XHAP-FM
- Ciudad Obregón, Sonora; Mexico;
- Frequency: 96.9 FM
- Branding: La Número Uno

Programming
- Format: Grupera

Ownership
- Owner: Grupo Radiorama; (XEAP, S.A. de C.V.);
- Operator: Bura Grupo Multimedia
- Sister stations: XHESO-FM, XHOBS-FM

History
- First air date: March 8, 1936 (concession)

Technical information
- Licensing authority: CRT
- Class: B1
- ERP: 25 kW
- HAAT: 56.5 m (185 ft)
- Transmitter coordinates: 27°30′04″N 109°38′57″W﻿ / ﻿27.50111°N 109.64917°W

Links
- Webcast: Listen live
- Website: radioramasonora.com

= XHAP-FM =

Radio station in Ciudad Obregón, Sonora, Mexico

XHAP-FM is a radio station on 96.9 FM in Ciudad Obregón, Sonora, Mexico.

== History ==
XEAP-AM received its concession on March 8, 1936, broadcasting with 100 watts on 1290 kHz and owned by Emilio Manzanilla. After his death, his successors continued to own the station, now at 1,000 watts, until 1982. It was then operated by Radiorama, and later by Grupo García de León. Ultimately, Radiorama took control of the station again, and it was under Radiorama in 2012 that XHAP-FM 96.9 came to air.

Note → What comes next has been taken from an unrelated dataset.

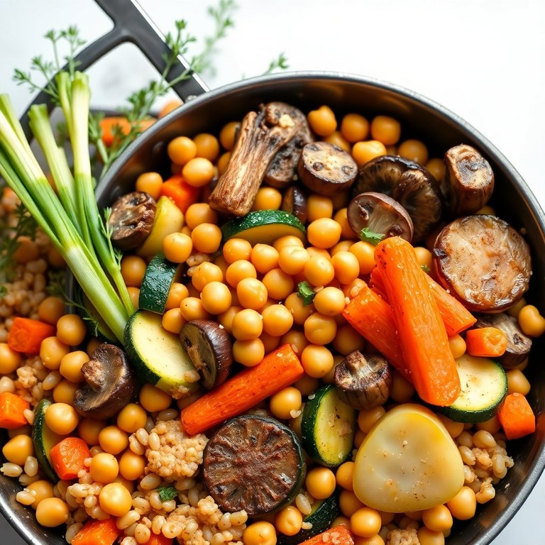 Diese Kichererbsen-Gemüse-Pfanne ist eine schnelle und gesunde Mahlzeit, die mit aromatischen Champignons und knackigem Gemüse überzeugt. Die Kombination aus Kichererbsen, Perlgraupen und einer Vielzahl von frischem Gemüse macht dieses Gericht nicht nur nahrhaft, sondern auch unglaublich lecker. Perfekt für ein schnelles Abendessen unter der Woche.
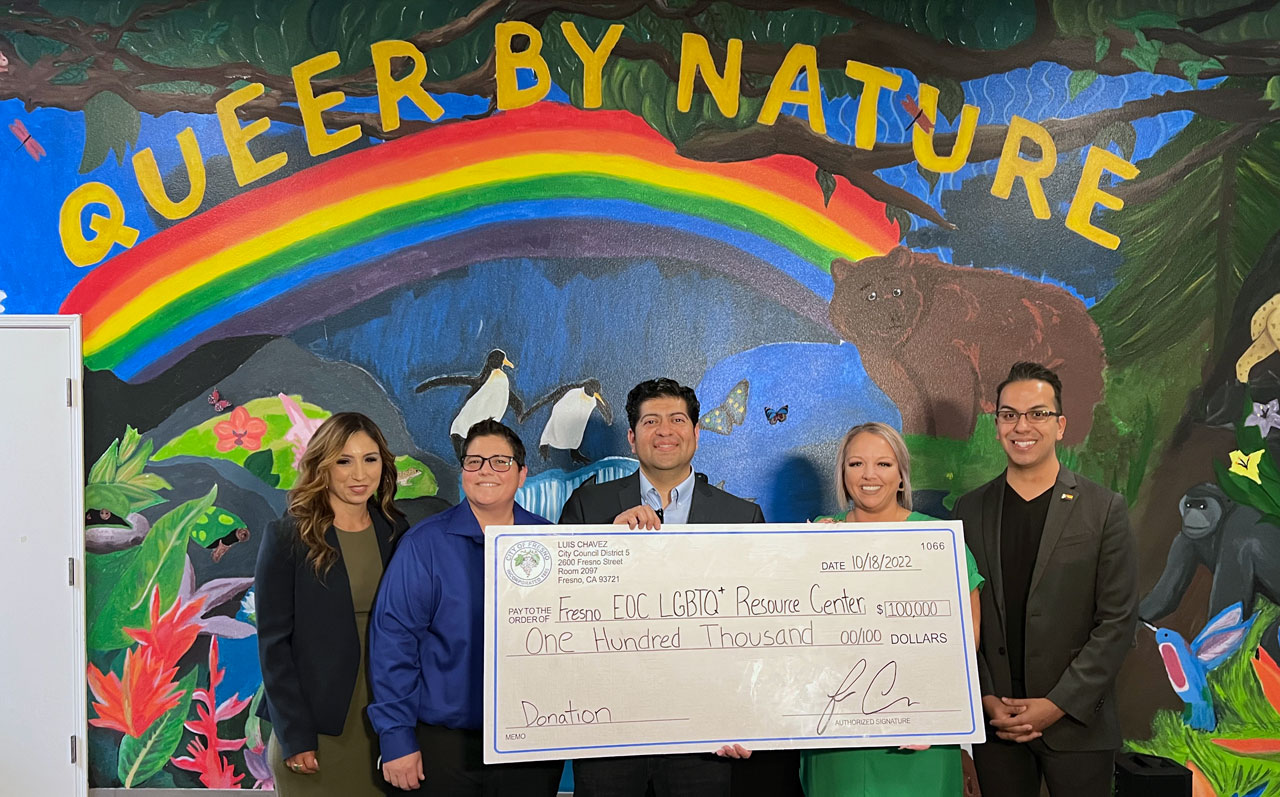 The Fresno Economic Opportunities Commission’s LGBTQ+ Resource Center received a $100,000 check in a presentation by City Councilman Luis Chavez on Tuesday.

Radiorama largely exited Sonora in the early 2010s, leaving most of its stations there to Larsa to operate.

On June 4, 2019, ISA Corporativo, an outdoor advertising company, entered broadcasting by assuming operations of XHAP and XHOBS-FM 92.1. While XHAP's format was retained, ISA instituted a new news service powered by the Diario del Yaqui and Diario del Mayo newspapers.

ISA ceased radio operations throughout the state of Sonora on December 31, 2021. A new format under direct Radiorama management, the Studio English classic hits brand, was debuted in February 2022. It was used for four months before Con Madre, a grupera format, moved from XHOBS in June upon an operator change, 3 days later they undo the changes and return to Studio.

On September 1, 2025, XHAP 96.9 and XHSN-FM in Nogales leased to Bura Multimedia management based in Hermosillo, resulting the Studio format moved to XHESO-FM 104.9.